Sidney Castillo Cardenas, MA, was project assistant for the YARG project in Peru at Facultad de Filosofía y Ciencias Humanas, Universidad Antonio Ruiz de Montoya, Lima, Peru and gathered significant parts of the YARG data in Peru. Castillo's has a Bachelor's degree in Anthropology from Universidad Nacional Mayor de San Marcos, Lima-Perú and a Master of Arts in Sociology and Social Anthropology from Central European University, Budapest, Hungary. Currently, he is associate editor of the British scholarly website ‘The Religious Studies Project’. His research interests are within the interaction between cognition and behavior, including topics such as new religious movements, secular identities, religion and conflict, q-methodology, and religious socialization and youth.

Francis Benyah, MPhil, was project assistant for the YARG project in Ghana at the Department for the Study of Religions, University of Ghana, Accra, Ghana. He gathered the YARG data in Ghana. He is currently a visiting researcher at the Åbo Akademi University minority research profile.

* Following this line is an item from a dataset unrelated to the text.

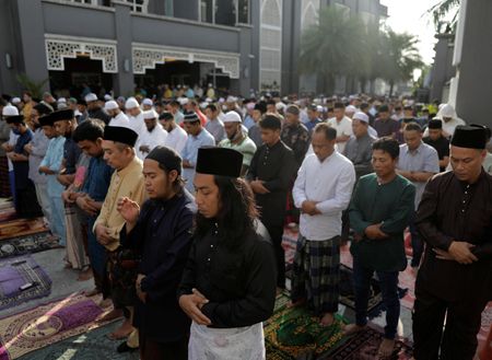 JAKARTA (Reuters) – Muslims in Indonesia and Malaysia gathered in large groups to usher in the Eid al-Fitr festival on Saturday, relieved to be able to celebrate freely after the lifting of most COVID-19 restrictions.

Mauricio Javier Villacrez Jó, MA, was project assistant for the YARG project in Peru at Facultad de Filosofía y Ciencias Humanas, Universidad Antonio Ruiz de Montoya, Lima, Peru. Villacrez Jó gathered parts of the YARG data in Peru. Currently he works at Academia Peruana de las Ciencias de la Religión (APECREL), Lima, Peru.

Notes

1 YARG was an Åbo Akademi University Centre of Excellence 2015–2018 and funded by the Academy of Finland 2015–2019 (no. 288730).